Destiny in Space is a 70mm IMAX documentary film released in 1994. The film was written by Toni Myers, directed by Academy Award-winner Ben Burtt, and narrated by Leonard Nimoy.

The film is a showcase of the daily lives of astronauts in space, particularly on the STS-42 Space Shuttle Discovery Spacelab mission, as they fix instruments and take measurements. The film includes two Space Shuttle launches and several cargo bay scenes, including an astronaut repairing the Hubble Space Telescope. CGI recreations of the surface of Venus and Mars based on satellite data from JPL are also featured. The film looks at the future of human space exploration and what future generations might accomplish in the years to come.

Four filmmakers contributed to directing the film. Director/cinematographer James Neihouse was the cinematographer for Blue Planet, The Dream Is Alive (a 1985 documentary about the Space Shuttle program), Michael Jordan to the Max and other IMAX features. Burtt, aside from his lengthy and impressive list of sound crew credits, directed both Destiny and Blue Planet. Toni Myers edited several IMAX pictures, including L5: First City in Space, Hail Columbia (a 1982 documentary focusing on the first mission of Space Shuttle Columbia), and others.
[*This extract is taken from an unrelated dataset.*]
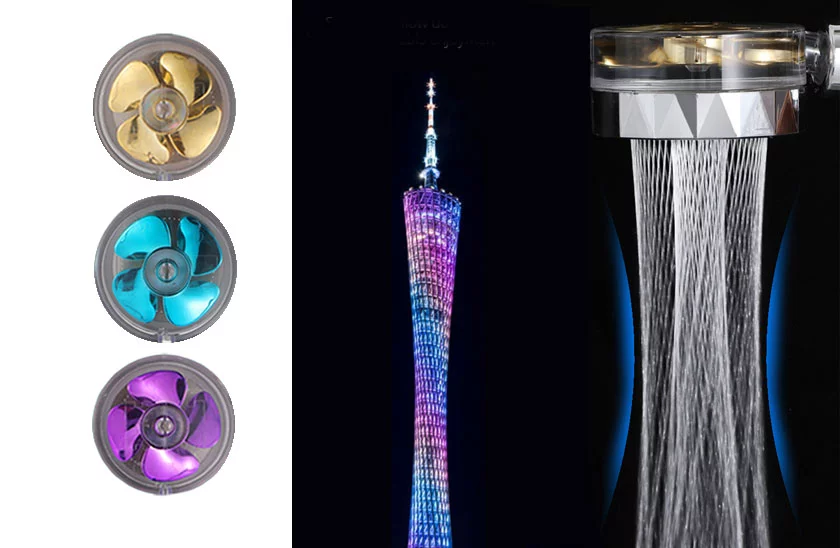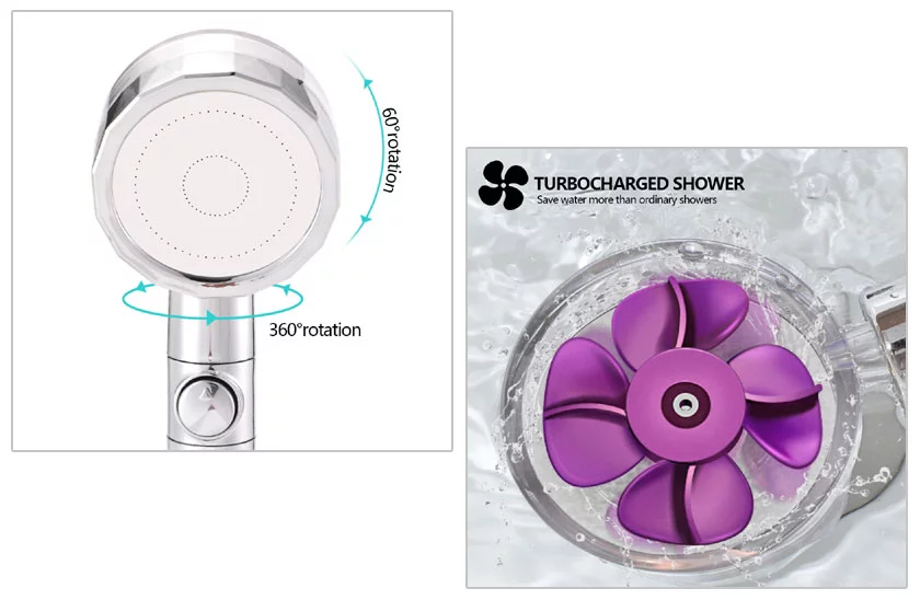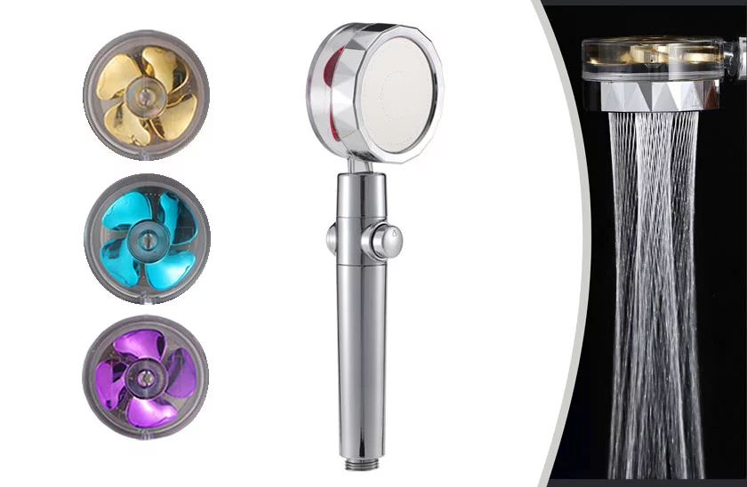 Originální sprchová hlavice TurboShower s malým ventilátorem uvnitř. Hlavice poskytuje zvýšený průtok vody i lepší tlak než u klasických sprchových hlavic. Sprchová hlavice zaujme i svým netradičním proudem vody, který připomíná spirálový paprsek. Proud vody lze zastavit stlačením kolíčku „STOP“, což zvládnete pouze jednou rukou a druhou si pohodlně namydlíte vlasy. Díky mnoha speciálně navrženým tryskám ušetříte až 30 % vody ročně. To se může samozřejmě znatelně projevit i na vyúčtování za vodu.
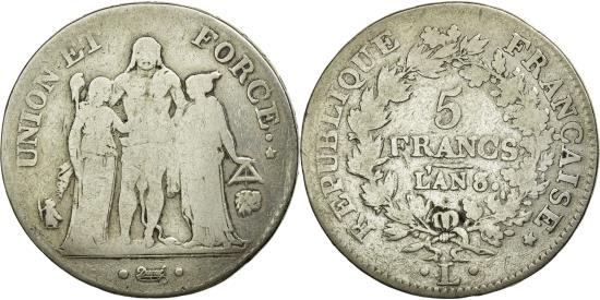 | | Coin, France, Union et Force, 5 Francs, 1799, Bayonne, , Silver | | | Union et Force, Hercules group, Value within oak wreath, UNION ET FORCE | | FEATURES |

Several scenes included launch and in-orbit footage from shuttle missions STS-41-C, STS-61-B, STS-31, STS-32, STS-34, STS-40, STS-42, STS-46, STS-51 and STS-61.

==DVD==
Destiny In Space is presented in 1.33:1 full frame and contains a Dolby Digital 5.1 presentation. A nine-minute making-of featurette is included in the extras, with the theatrical trailer and general IMAX trailer.